Gerbang Sekolah Harus jadi Area ‘Screening’ Covid-19

Redaktur: Satmoko Budi Santoso

BANDUNG – Koordinator Data Kawal Covid-19, Ronald Bessie mengingatkan, agar sekolah dapat secara teliti mempersiapkan berbagai infrastruktur pendukung pelaksanaan pembelajaran tatap muka (PTM) di sekolah, yang dijadwalkan akan dimulai pada Juli mendatang.

Menurut Ronald, hal penting yang patut diperhatikan oleh sekolah adalah menjadikan gerbang masuk sebagai area screening. Pasalnya, awal dari semua kegiatan di sekolah akan dimulai dari gerbang masuk tersebut.

“Di sana harus dipastikan baik guru maupun siswa menggunakan masker secara benar. Kemudian di sana juga harus selalu dicek suhu tubuh, jika melebihi 37,3 derajat, maka yang bersangkutan harus terlebih dahulu diisolasi di ruang terpisah,” kata Ronald dalam webinar bertajuk Tips Penting Prokes Fisik Sekolah Saat PTM, diikuti Cendana News, Kamis (3/6/2021).

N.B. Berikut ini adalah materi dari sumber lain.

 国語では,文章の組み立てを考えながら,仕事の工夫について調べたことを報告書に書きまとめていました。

“Bagi yang suhu tubuhnya di bawah itu, segera diarahkan untuk mencuci tangan dan langsung masuk ke kelas,” sambung Ronald.

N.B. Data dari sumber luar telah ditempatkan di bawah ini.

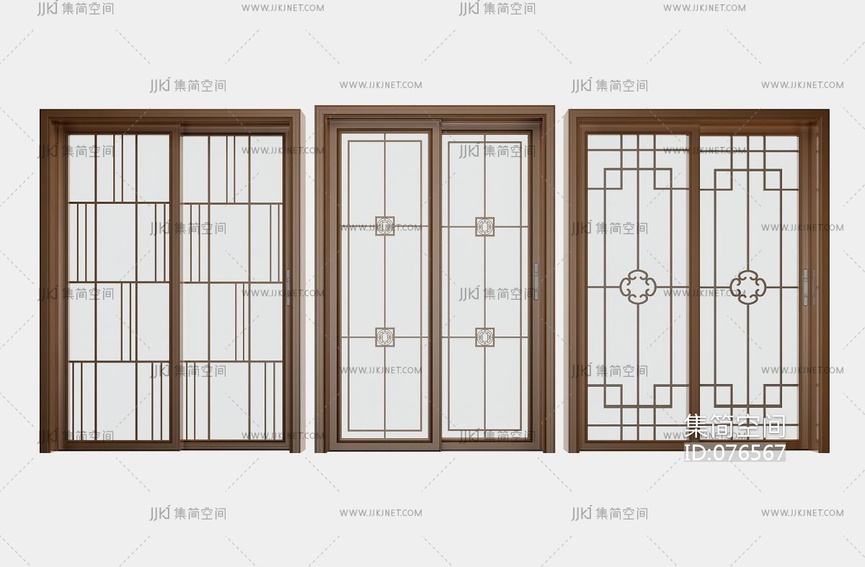 新中式铝合金玻璃推拉门 3d模型下载 [模型ID:76567]

Selain itu, Ronald juga mengimbau agar sekolah menyiapkan petugas yang selalu berjaga untuk mencegah atau membubarkan apabila terjadi kerumunan di area sekolah.

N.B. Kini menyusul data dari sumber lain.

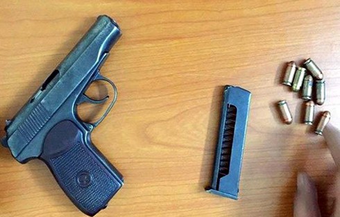Theo Trung tá Đỗ Trọng Tuân, khi cảnh sát khám xe đã phát hiện một túi vải bên trong đựng khẩu súng ngắn kèm 8 viên đạn còn mới.

“Memang prokes di sekolah harus ketat, kita tentu tidak ingin sampai terjadi transmisi di sekolah. Kita sudah lelah dengan PJJ, jadi mau tidak mau, prokes ketat semacam ini harus kita turuti dan patuhi,” tandasnya.

Selanjutnya, untuk ruangan kelas, Ronald menyebut, agar meja bisa direnggangkan minimal sepanjang 1,5 meter antar siswa. Dan setiap anak diwajibkan tetap duduk di tempat yang sama.

“Lalu jendela harus dalam keadaan terbuka agar sirkulasi udara lebih baik. Simpan semua kursi yang tidak digunakan di tempat lain, agar suasana menjadi longgar dan tidak pengap,” tukas Ronald.

Di forum yang sama, Grace Suryani yang juga bagian dari Tim Kawal Covid menambahkan, bahwa di masa pandemi seperti ini, sekolah yang melaksanakan PTM harus selalu dalam kondisi siaga Covid-19.

“Sekolah ini bukan hanya guru dan staf sekolah, tapi semua terlibat di sana, mulai dari orang tua, murid, vendor (petugas makanan), Puskesmas, serta RT dan RW,” ucapnya.

Grace menegaskan, bahwa semua stake holder itu memiliki tanggungjawab serta tugas yang sama untuk menciptakan sekolah siaga Covid-19.

“Ada tiga elemen sekolah siaga itu, pertama menciptakan interaksi rendah risiko, kemudian menjalin komunikasi yang baik dalam hal aturan, penegakan serta pelaporan. Terakhir menghadirkan infrastruktur protokol kesehatan yang lengkap dan memadai,” pungkas Grace.